Thirty Days.  It’s like America is so close but so far away at the same time.  You may as well be dangling a giant cheesy gordita crunch in front of me and saying, “One month.  You have to stare at it for one month, but you can’t eat it yet.”  Sick, sad world.

I think I made the mistake of thinking this last thirty days was going to be relatively relaxed.  I mean, most of my projects were over, right?  The diabetes project is done; the glasses project has passed into the hands of other volunteers; Hassan cancelled my classes at the youth center.  It was an ideal time to turn and focus on grad school applications and saying goodbye to friends.  I even went to Fes and sent a package home just to free up some packing space.

Then, out of nowhere, my schedule booked up.  Next week, Jonathan and I are going to Tandit, a nearby village to replicate the diabetes project.  Basically, a guy who attended our workshop was originally from Tandit.  He loved what we did so much that he said, “We gotta do this again.”  This time around, Jon and I are mostly playing the role of spectators rather than having the stresses of planning the finer details.  This is exactly what you want to happen when you do a project.  It’s sustainability perfected.  I think seeing this happen in Tandit will be one of the highlights of my service.

A week after that, the Country Director and someone from Peace Corps HQ in Washington, D.C. is coming out this way for a mural painting project and another Eyejusters glasses distribution in Jonathan’s village.  Jon and I are preparing to put on quite a show, and we’ve invited folks from the diabetes project and my youth center director, as well.

And then, just when you thought things would finally die down, Jon and I have committed to playing an ongoing game of Risk for the remainder of my service.  And so it begins.  I will command the greatest Army that ever walked the face of Planet Earth, and I will obliterate annihilate Jonathan Pleban battalion by battalion until not a single soldier is left standing, so help me God.  (And somewhere in there, I will find time to pack my house, work on manuscripts, say goodbye to family’s in town, and help Allal slaughter the family sheep for Eid).

In the meantime, I find myself cherishing the littler things I know I’ll miss.  The monster olive trees with their curved spines.  The crimson, cold, paprika-cement floor of my orchard house.  The deep guttural musings of Arabic – my God, how I’ll miss Arabic.  How crazy is it to have this entire language buried within you and no one around to hear it?

I’ve had several friends lately trying to remind me, “Oh, Philip, you’re going to be so depressed when you get back to America.  I know so-and-so lived in such-and-such place and they were so crazy culture shocked when they got back!  Blah blah blah.  Bob Loblaw’s Law Blog.”  One friend even went as far as to say I would be “vacant.”  Really – vacant?

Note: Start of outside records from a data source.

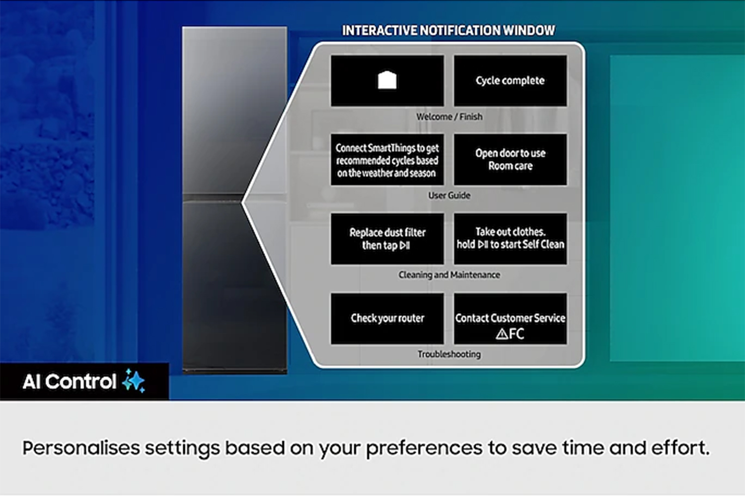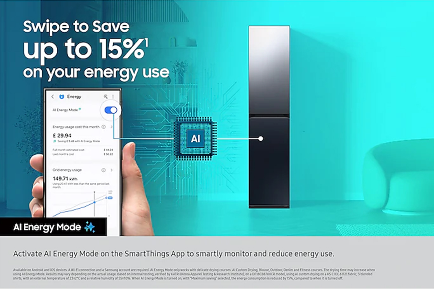 * Available on Android and iOS devices. A Wi-Fi connection and a Samsung account are required.** Al Energy Mode only works with delicate drying courses: Al Custom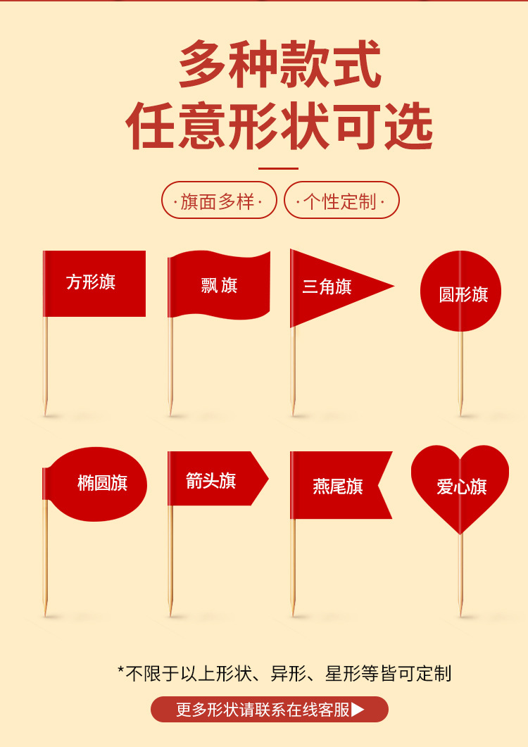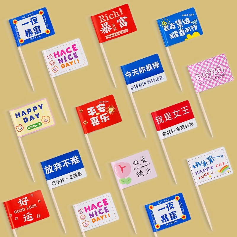 Флажки-зубочистки на заказ [Свяжитесь с клиентской службой 10% off *Различные формы и размеры*Бесплатный дизайн]; Смешанный набор [10 случайных стилей] — стандартная версия — 500 штук; Street Sign Mix II [6 случайных комбинаций] — универсальная версия — 500 штук; Версия «Креветки-500 штук»; Горячая еда в виде щипцов, версия-500 штук; Говядина свежескошенная, цельная версия - 500 шт.; Фирменная версия Tong, обязательная для заказа - 500 штук.; Давайте поесте Тонгбань-500 штук; Сегодня вы лучшие благодаря версии 500 штук.; Мир и радость в версии-500 штук; Насыпьте богатство за ночь – 500 штук; Счастливые продажи — Общая версия — 500 единиц; Отказаться несложно – 500 штук.; Happy Day — стандартное издание — 500 штук; Счастливое Первое Издание - 500 штук; Старые друзья собираются через версию-500 штук; Рады приветствовать вас, Tongban-500 штук.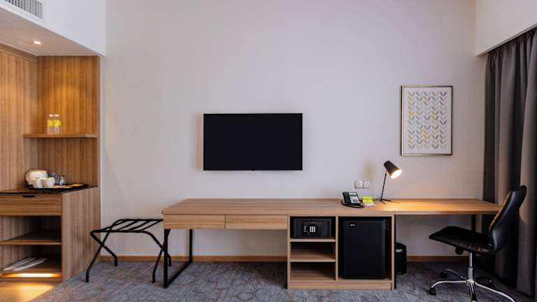 Jedes Zimmer ist mit einem Schreibtisch ausgestattet, verfügt über einen TV und einen Haartrockner. Es sind keine spezifischen Informationen zu den Zimmergrössen oder -arten vorhanden.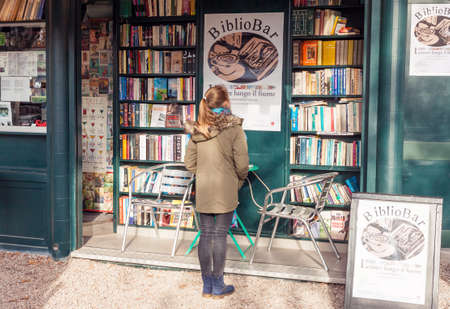 Venice Italy. March 2019: Aqua alta bookstore of second hand books, situated at the canal entrance

Here’s what I think: I think change or transition or transformation, however you want to phrase that, very often involves some kind of death and rebirth.  But I also think that metaphor can come across as kind of violent, so instead, I’m going to play a little with the idea of vacancy, or as I like to call it, an emptying of oneself.  I think for the past two years, I’ve had all these opportunities to fill up on Moroccan culture.  It was like I was filling this bottle with couscous and mint tea and God-phrases and Islam and djellabas and rugs, and a day is quickly coming where I’m going to have to slowly pour that out to make room for something new.  And I think the healthiest kinds of transitions are the ones where you learn how to empty the bottle slowly sharing it with the right people at the right time while you simultaneously refill it, taking in new experiences, new faces, new things.  …unless you’re a recovering alcoholic, in which case that metaphor just sort of breaks down altogether….

So, in thirty days, will I begin a painful process and sometimes be down-and-out?  Sure.  But it’ll be one of those moments, I believe, that wakes you up inside and makes you feel alive and experienced and loved all at the same time.